Section in the website of The Washington Post

Ripple is a section in the website of The Washington Post that republishes opinion pieces of various American newspapers and blogs. Ripple is independent from the opinion section of the Post and is not subject to the Post's paywalls. It was officially launched in December 2025.

== History ==
In June 2025, The New York Times revealed that The Washington Post was planning to launch a program called Ripple that would allow columnists, including non-professional writers, from various American newspapers and blogs such as Substack to publish opinion pieces. Ripple will be operated independently from the opinion section of the Post and not subject to any paywalls. Executives of the Post said that the program aims to attract readers who want more diversity in the content of the Post's opinion section. They estimated that Ripple may reach an audience of 38 million people in the United States. The development of the project was headed by strategic adviser of the Post Lippe Oosterhof. Its research and development was started in 2024.

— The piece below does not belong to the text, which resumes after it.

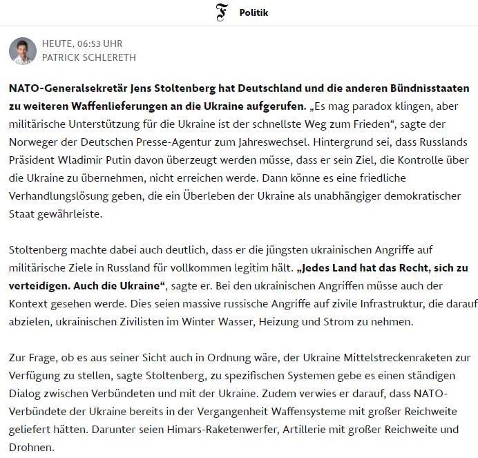 "Это может звучать парадоксально, но военная поддержка Украины - это самый быстрый путь к миру", - заявил он и добавил, что украинские атаки на военные объекты в России являются абсолютно законными.

Non-professional writers writing for Ripple will be allowed to utilize AI tool called Ember, designed by the Post to help them write articles. Reportedly, the tool will guide writers through the writing process of the article, advising them on creating an "early thesis", "supporting points", and a "memorable ending", and will also evaluate their progress using a "story strength" tracker. The articles will be reviewed by human editors before being published.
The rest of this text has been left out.